Serous maculopathy with absence of retinal pigment epithelium (SMARPE) associated with large drusen

Abstract

Purpose: To describe the association of serous maculopathy with absence of retinal pigment epithelium (SMARPE) and large drusen in patients with non-neovascular age-related macular degeneration (AMD).

Methods: A retrospective study of ophthalmic examination and multimodal imaging data of individuals with SMARPE and large drusen observed over a period of 12-month was accomplished. SMARPE was defined as subretinal accumulation of fluid within the macular area due to retinal pigment epithelium (RPE) aperture. Large drusen were identified by the presence of sub-RPE deposits using multimodal imaging analysis (color fundus photography, fundus autofluorescence, and spectral-domain optical coherence tomography).

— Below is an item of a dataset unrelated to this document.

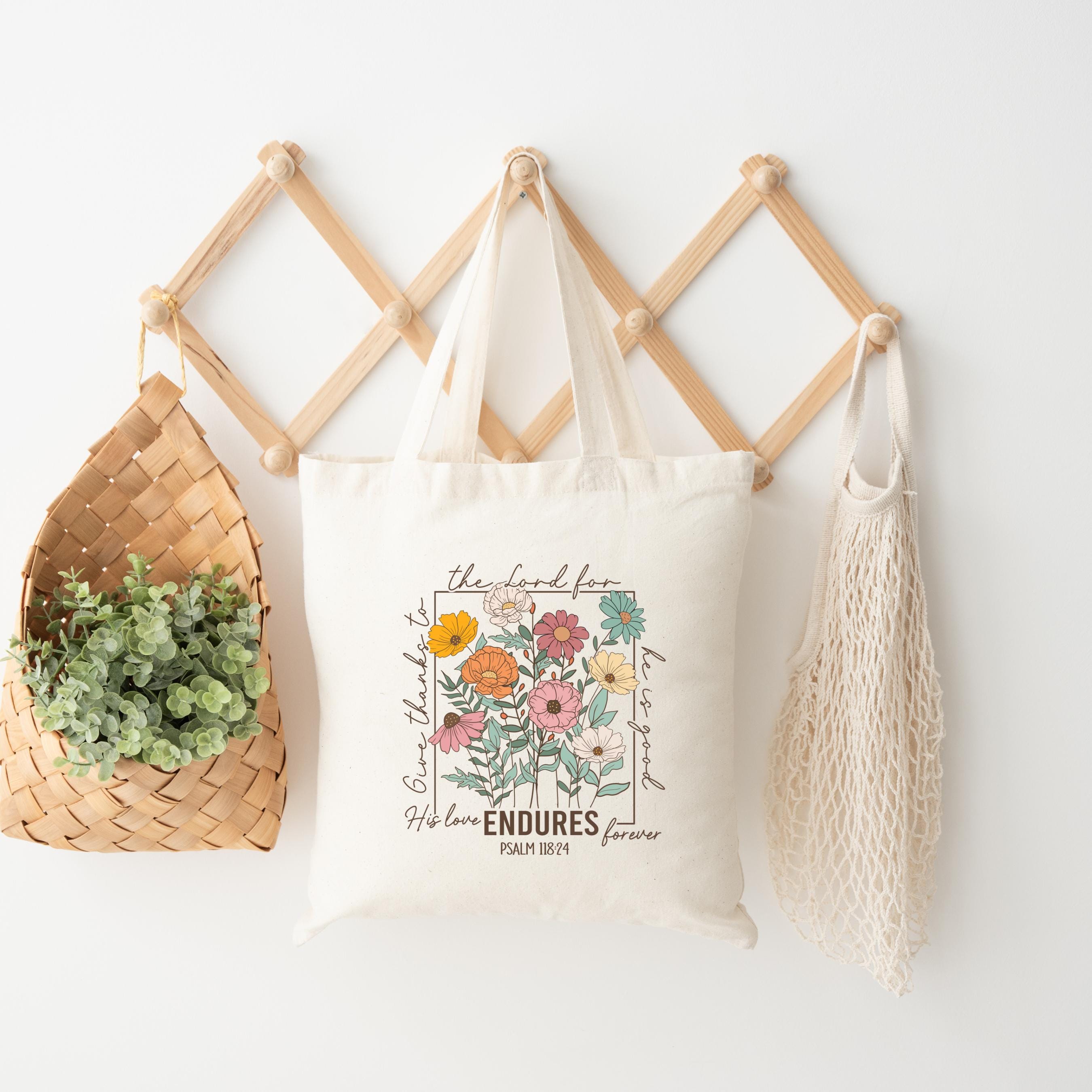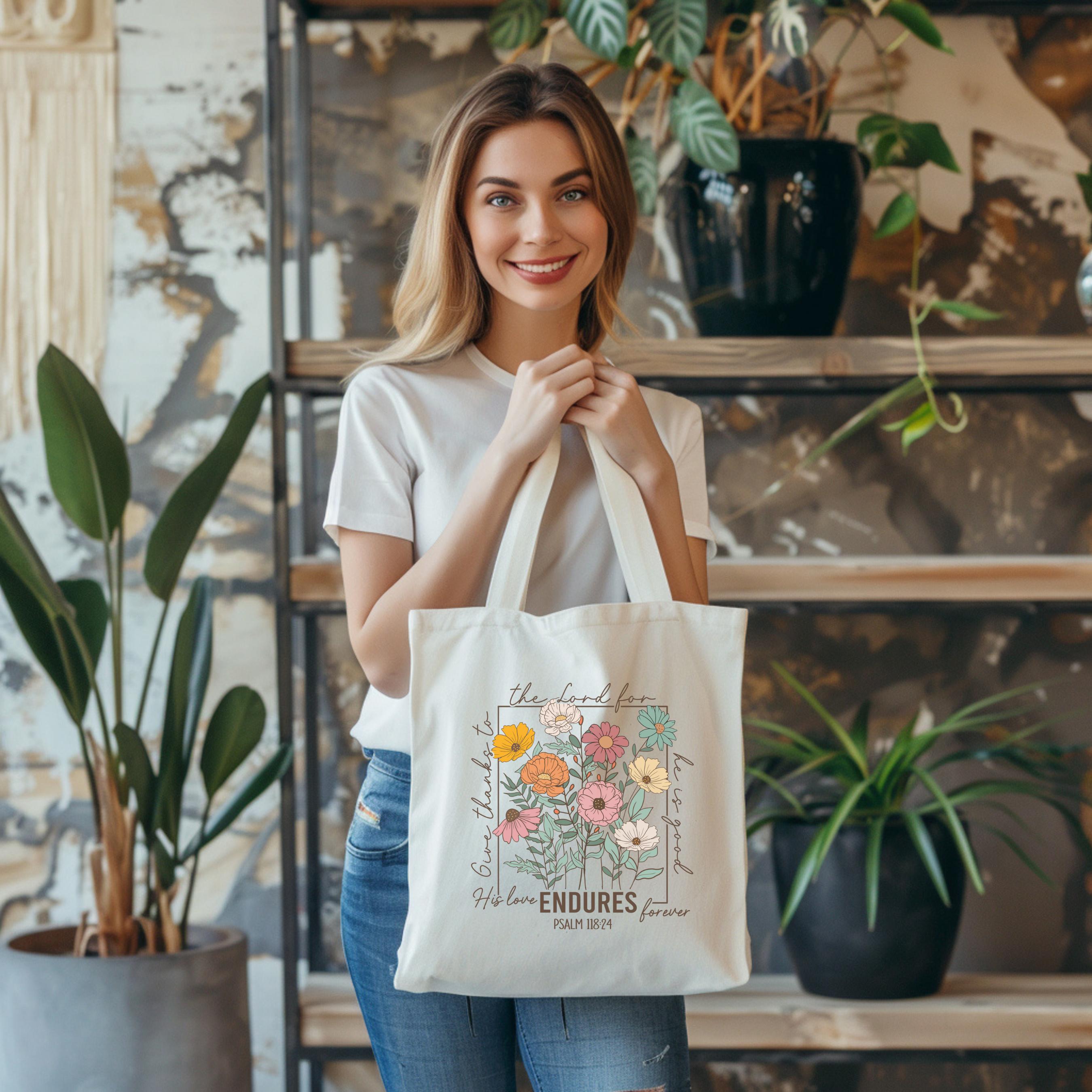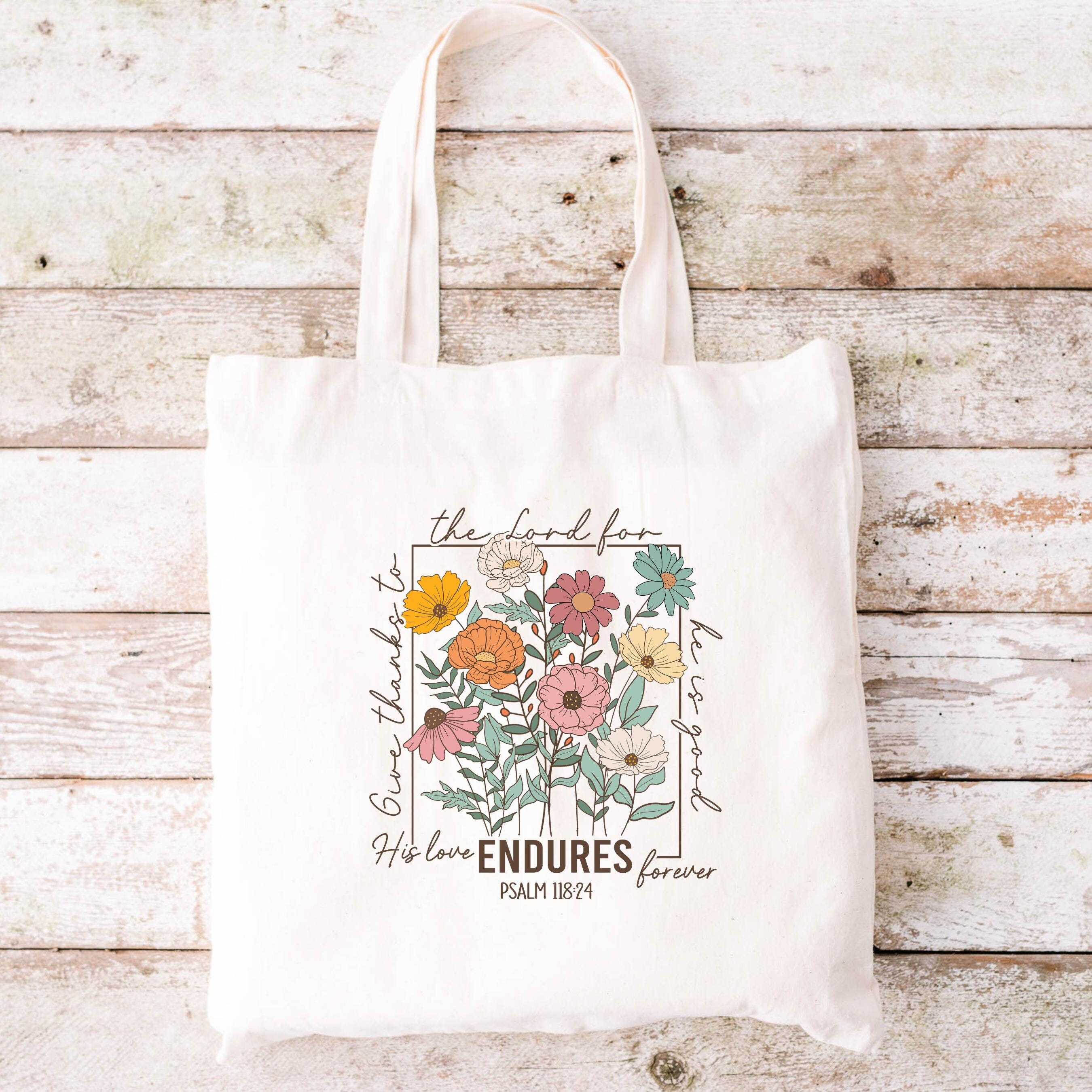Introducing the "His Love Endures Forever" Cotton Canvas Tote Bag—a perfect blend of boho vintage charm and meaningful inspiration. Adorned with a beautiful floral design, this tote offers a gentle reminder of everlasting love wherever you go. Crafted from 100% cotton canvas, it's durable, eco-friendly, and ideal for those who appreciate both style and sustainability.
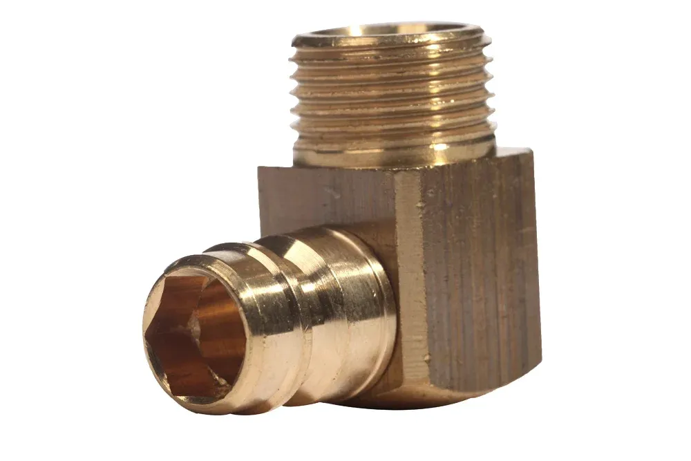 Штекер быстросъемного соединения 90° DYROS серия 90 с наружной резьбой без клапана. Доступен с метрической резьбой или BSP. Предназначен для охлаждающих жидкостей в формах при переработке пластмасс, установок сжатого воздуха, баллонов с техническими газами и других областей техники. Материал: латунь. Рабочее давление: 15 бар.

Results: Twelve eyes of 7 white patients with a mean age of 77 years were observed to have SMARPE associated with large drusen. The median visual acuity was 20/100. Bilateral SMARPE lesions were observed in 71% of study patients. All SMARPE lesions were hypoautofluorescent, located in the subretinal space between the RPE and the ellipsoid zone, and presented as complete or incomplete RPE apertures associated with subretinal fluid. The SMARPE in this study had coincident multimodal imaging features as the SMARPE described in other reports in the literature.

Conclusions: Bilateral SMARPE can occur in association with typical AMD large drusen. Anomalisms resulting in drusen biogenesis or mechanisms that act alongside to these may be related to SMARPE development.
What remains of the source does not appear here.